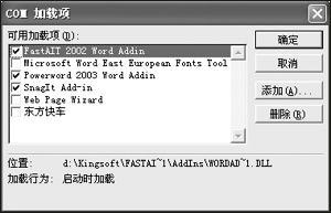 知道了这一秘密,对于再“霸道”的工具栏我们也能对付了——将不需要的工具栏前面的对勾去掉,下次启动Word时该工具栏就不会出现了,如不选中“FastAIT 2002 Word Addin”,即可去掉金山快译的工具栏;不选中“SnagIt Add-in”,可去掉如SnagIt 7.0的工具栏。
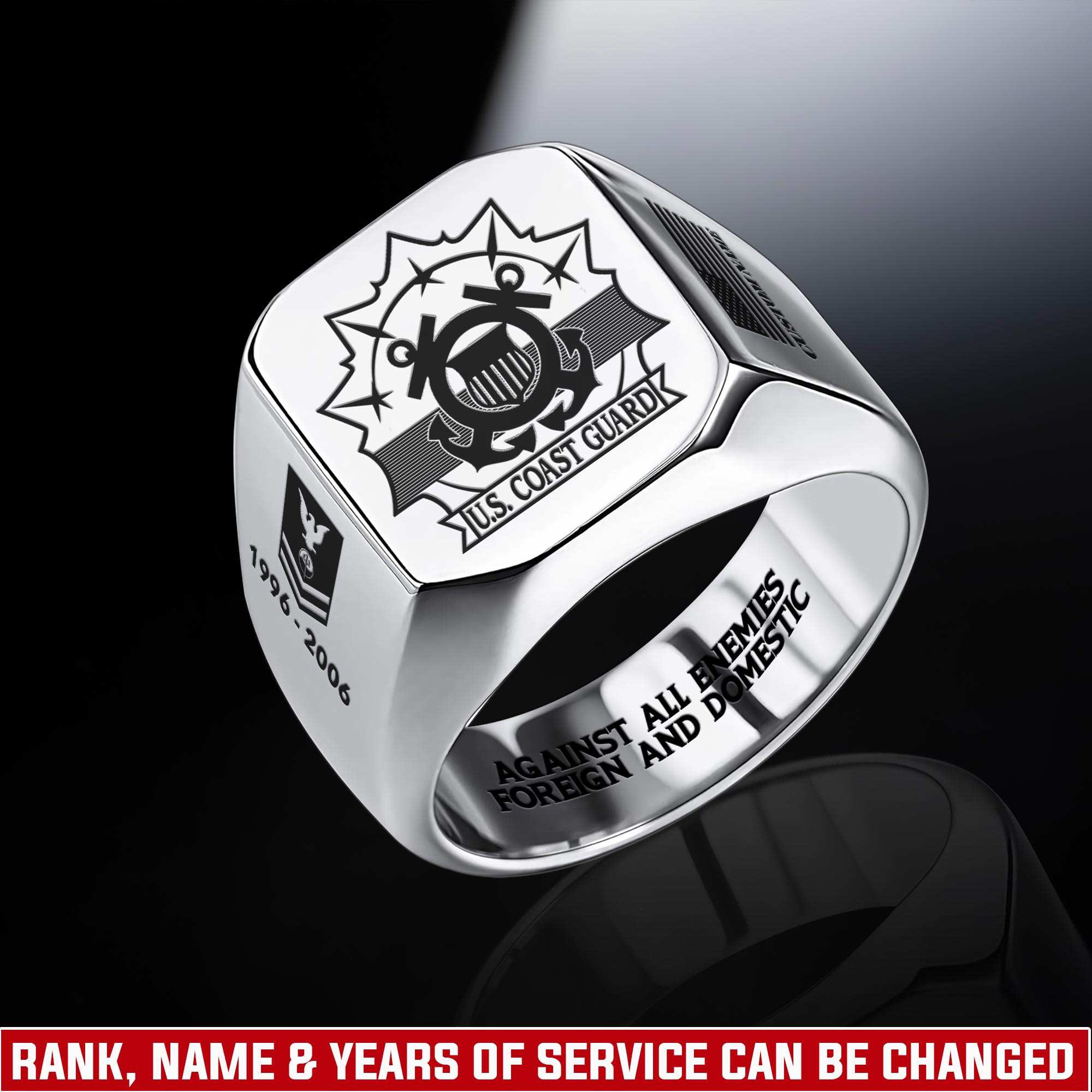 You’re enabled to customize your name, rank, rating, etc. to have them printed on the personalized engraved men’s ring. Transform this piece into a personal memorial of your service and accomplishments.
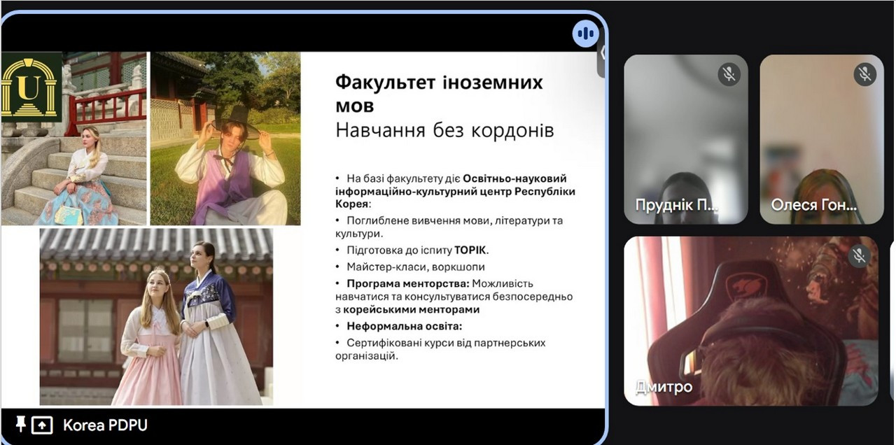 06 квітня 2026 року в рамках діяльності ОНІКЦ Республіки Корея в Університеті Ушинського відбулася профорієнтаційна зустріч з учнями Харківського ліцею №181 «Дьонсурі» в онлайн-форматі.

> Exercise
The material should be returned verbatim, with all images omitted.

> Expected answer
 知道了这一秘密,对于再“霸道”的工具栏我们也能对付了——将不需要的工具栏前面的对勾去掉,下次启动Word时该工具栏就不会出现了,如不选中“FastAIT 2002 Word Addin”,即可去掉金山快译的工具栏;不选中“SnagIt Add-in”,可去掉如SnagIt 7.0的工具栏。
 You’re enabled to customize your name, rank, rating, etc. to have them printed on the personalized engraved men’s ring. Transform this piece into a personal memorial of your service and accomplishments.
 06 квітня 2026 року в рамках діяльності ОНІКЦ Республіки Корея в Університеті Ушинського відбулася профорієнтаційна зустріч з учнями Харківського ліцею №181 «Дьонсурі» в онлайн-форматі.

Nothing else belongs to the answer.